Der Band ist das Ergebnis eines von der Deutschen Forschungsgemeinschaft geförderten Projekts. Eine Erkenntnis sei, so der Germanistikprofessor Rolf Parr, dass sich die Ruhrgebietsliteratur seit den 1960er Jahren bis heute stark im Hinblick auf ihre Leserschaft entwickelt habe.

Parr: „Anfangs richteten sich die Texte vor allem an das eigene Umfeld, zum Beispiel an andere Bergleute. Der Leserkreis war sehr begrenzt. Mit der Zeit interessieren sich aber immer mehr Menschen dafür, weit über das Revier hinaus.“

Auch die Genres veränderten sich. Weg von der dokumentarischen, realistischen Literatur (der Prototyp sind dabei die „Bottroper Protokolle“ von Erika Runge) hin zur Pop-Literatur, experimentellen Texten und Zukunftsszenarien.
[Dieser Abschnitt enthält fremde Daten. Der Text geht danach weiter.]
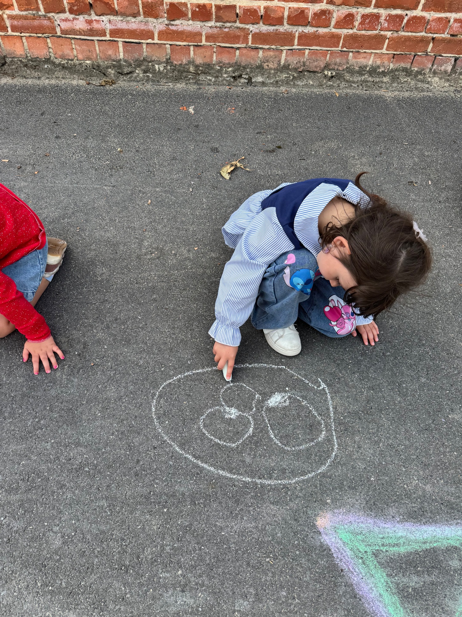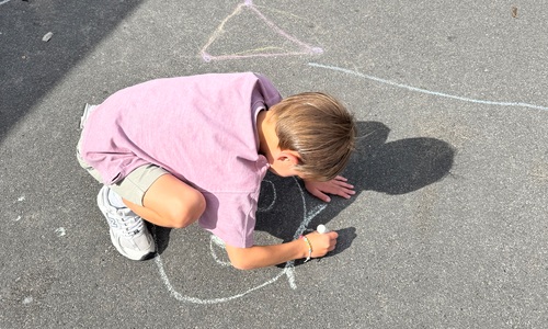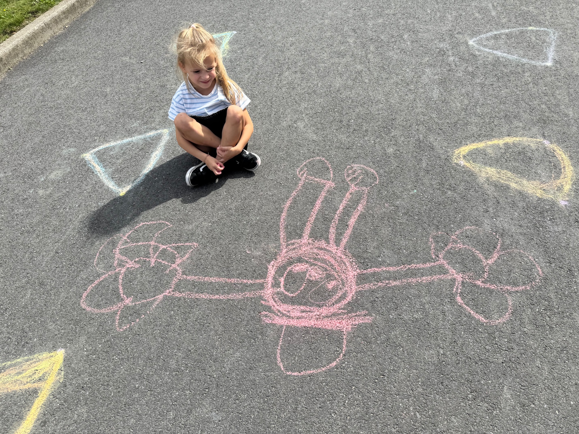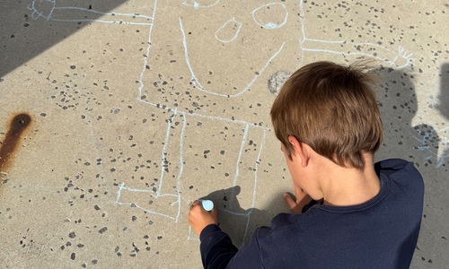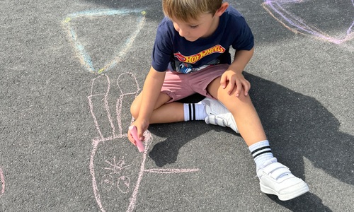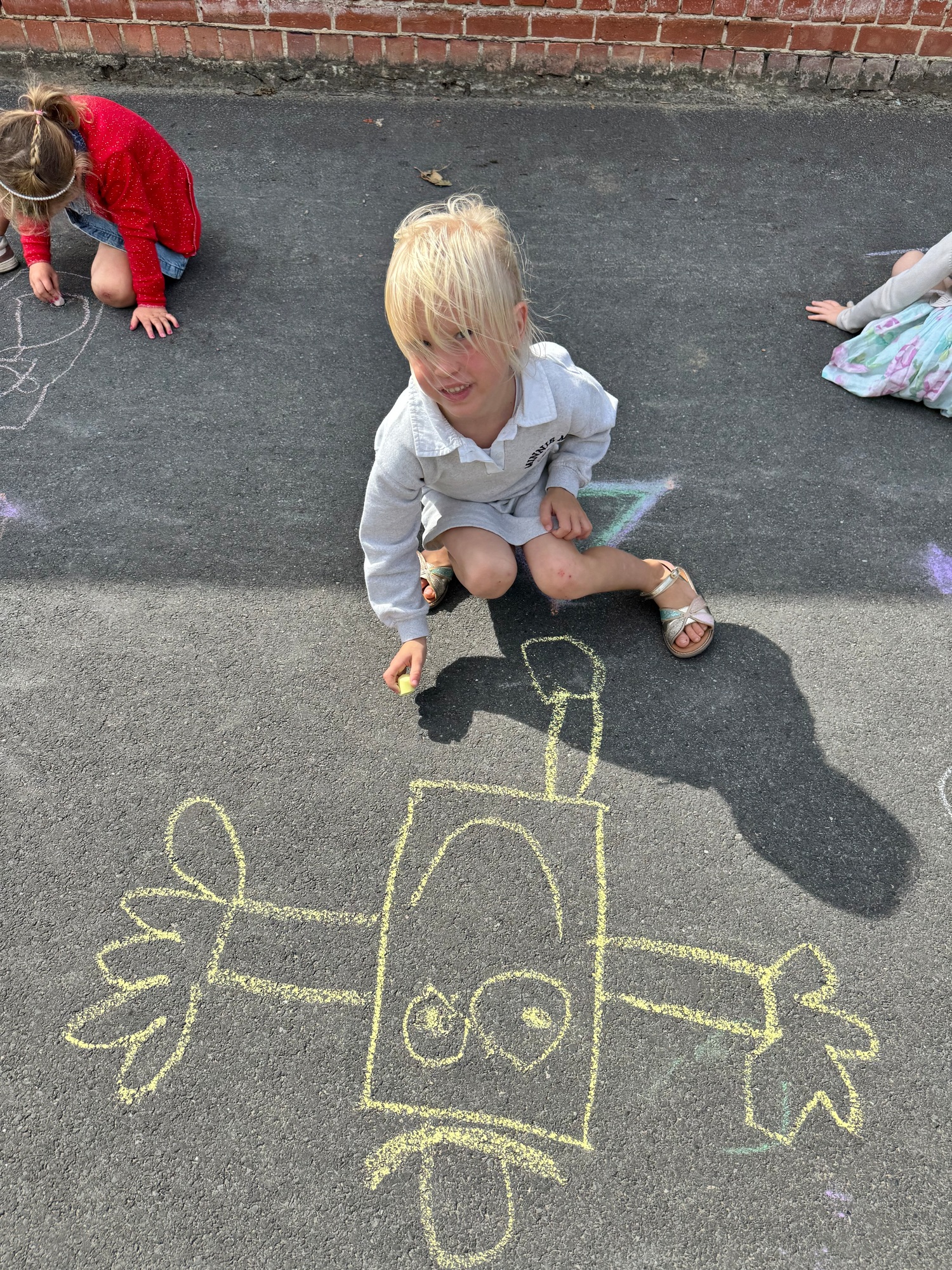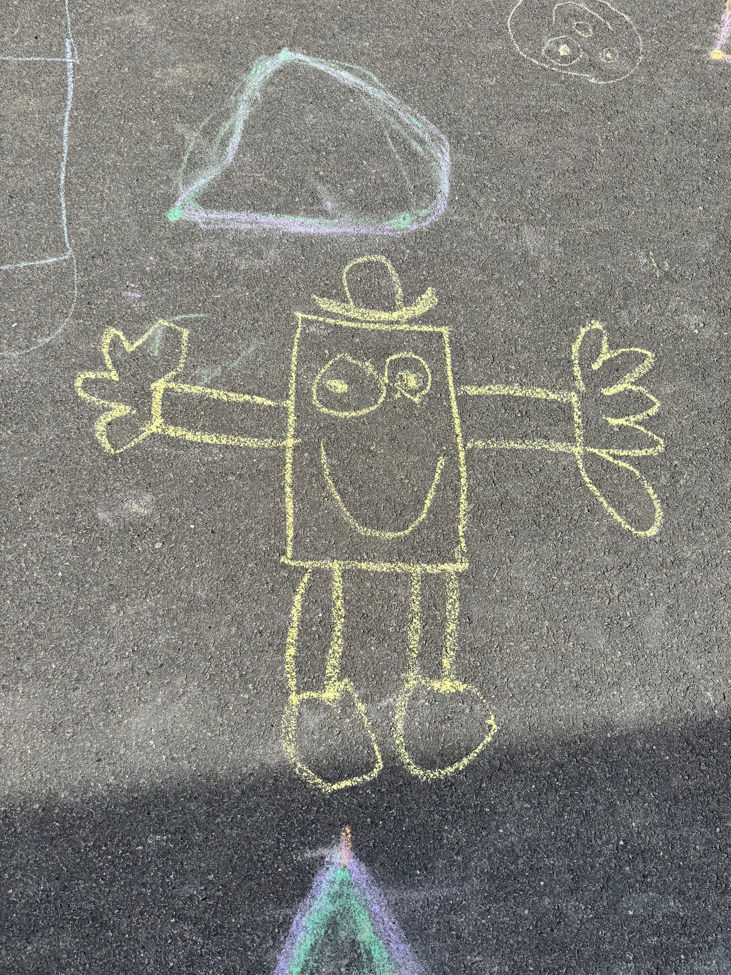 3KC Krullenbollen jullie mee? Meneertje Cirkel en Meneertje Driehoek krijten op de grond in de wachtzone.

Für große Veränderungen und Brüche sorgten die Zechenschließungen und der damit verbundene Strukturwandel in der Region. Trotzdem bleibe die Frage nach der Ruhrgebietsidentität. Germanist Parr gibt nach dem Blick in die Ruhrgebietsliteratur eine fast sentimentale Antwort: „Verschlägt es ihre Protagonisten nach Berlin, Düsseldorf oder München, so fühlen sie sich nach ihrer Rückkehr ins Revier immer besonders glücklich, wieder zu Hause zu sein.“

Britta Caspers, Dirk Hallenberger, Werner Jung, Rolf Parr: Ruhrgebietsliteratur seit 1960. Eine Geschichte nach Knotenpunkten. Verlag J.B. Metzler. 607 Seiten. Preis: 84,99 Euro, als eBook 66,99 Euro.